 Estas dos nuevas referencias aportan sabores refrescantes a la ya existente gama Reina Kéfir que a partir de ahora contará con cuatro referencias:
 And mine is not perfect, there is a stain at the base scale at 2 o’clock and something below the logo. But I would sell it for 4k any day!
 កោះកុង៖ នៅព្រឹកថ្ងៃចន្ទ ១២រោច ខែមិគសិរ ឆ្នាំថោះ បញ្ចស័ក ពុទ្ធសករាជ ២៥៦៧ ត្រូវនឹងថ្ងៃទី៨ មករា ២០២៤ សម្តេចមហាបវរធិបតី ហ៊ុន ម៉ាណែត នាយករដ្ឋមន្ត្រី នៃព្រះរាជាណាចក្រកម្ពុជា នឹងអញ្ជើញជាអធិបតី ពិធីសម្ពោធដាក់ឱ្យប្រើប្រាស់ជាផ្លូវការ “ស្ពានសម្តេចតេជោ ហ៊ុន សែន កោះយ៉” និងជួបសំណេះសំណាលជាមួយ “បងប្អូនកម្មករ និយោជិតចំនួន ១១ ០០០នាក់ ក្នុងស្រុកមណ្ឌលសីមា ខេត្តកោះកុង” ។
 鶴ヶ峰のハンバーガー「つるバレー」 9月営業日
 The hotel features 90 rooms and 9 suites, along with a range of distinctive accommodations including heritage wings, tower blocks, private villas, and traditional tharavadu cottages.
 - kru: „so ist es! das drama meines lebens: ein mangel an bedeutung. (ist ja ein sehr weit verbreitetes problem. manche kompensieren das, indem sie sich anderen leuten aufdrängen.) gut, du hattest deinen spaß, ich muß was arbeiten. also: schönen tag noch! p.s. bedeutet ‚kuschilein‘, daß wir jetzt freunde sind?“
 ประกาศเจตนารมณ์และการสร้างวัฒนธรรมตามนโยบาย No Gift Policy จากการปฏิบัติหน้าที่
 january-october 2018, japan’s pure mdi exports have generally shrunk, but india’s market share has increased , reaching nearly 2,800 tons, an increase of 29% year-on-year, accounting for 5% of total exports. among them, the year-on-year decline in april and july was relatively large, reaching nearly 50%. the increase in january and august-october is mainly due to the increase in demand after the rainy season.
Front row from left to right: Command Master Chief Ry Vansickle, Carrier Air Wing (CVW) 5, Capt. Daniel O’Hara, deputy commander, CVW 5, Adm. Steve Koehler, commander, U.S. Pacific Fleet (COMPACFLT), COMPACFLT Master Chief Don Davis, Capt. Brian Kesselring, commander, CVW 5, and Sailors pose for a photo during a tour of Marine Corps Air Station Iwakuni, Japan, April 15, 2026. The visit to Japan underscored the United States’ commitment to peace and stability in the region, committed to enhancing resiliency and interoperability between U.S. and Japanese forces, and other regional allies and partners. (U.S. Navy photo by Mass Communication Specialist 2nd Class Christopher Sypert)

▬▬▬▬▬▬▬▬▬▬

What to do: What is needed is every line from the start of the entries through the line containing "january-october 2018, japan’s", returned word for word and nothing else.

Exercise result:
 Estas dos nuevas referencias aportan sabores refrescantes a la ya existente gama Reina Kéfir que a partir de ahora contará con cuatro referencias:
 And mine is not perfect, there is a stain at the base scale at 2 o’clock and something below the logo. But I would sell it for 4k any day!
 កោះកុង៖ នៅព្រឹកថ្ងៃចន្ទ ១២រោច ខែមិគសិរ ឆ្នាំថោះ បញ្ចស័ក ពុទ្ធសករាជ ២៥៦៧ ត្រូវនឹងថ្ងៃទី៨ មករា ២០២៤ សម្តេចមហាបវរធិបតី ហ៊ុន ម៉ាណែត នាយករដ្ឋមន្ត្រី នៃព្រះរាជាណាចក្រកម្ពុជា នឹងអញ្ជើញជាអធិបតី ពិធីសម្ពោធដាក់ឱ្យប្រើប្រាស់ជាផ្លូវការ “ស្ពានសម្តេចតេជោ ហ៊ុន សែន កោះយ៉” និងជួបសំណេះសំណាលជាមួយ “បងប្អូនកម្មករ និយោជិតចំនួន ១១ ០០០នាក់ ក្នុងស្រុកមណ្ឌលសីមា ខេត្តកោះកុង” ។
 鶴ヶ峰のハンバーガー「つるバレー」 9月営業日
 The hotel features 90 rooms and 9 suites, along with a range of distinctive accommodations including heritage wings, tower blocks, private villas, and traditional tharavadu cottages.
 - kru: „so ist es! das drama meines lebens: ein mangel an bedeutung. (ist ja ein sehr weit verbreitetes problem. manche kompensieren das, indem sie sich anderen leuten aufdrängen.) gut, du hattest deinen spaß, ich muß was arbeiten. also: schönen tag noch! p.s. bedeutet ‚kuschilein‘, daß wir jetzt freunde sind?“
 ประกาศเจตนารมณ์และการสร้างวัฒนธรรมตามนโยบาย No Gift Policy จากการปฏิบัติหน้าที่
 january-october 2018, japan’s pure mdi exports have generally shrunk, but india’s market share has increased , reaching nearly 2,800 tons, an increase of 29% year-on-year, accounting for 5% of total exports. among them, the year-on-year decline in april and july was relatively large, reaching nearly 50%. the increase in january and august-october is mainly due to the increase in demand after the rainy season.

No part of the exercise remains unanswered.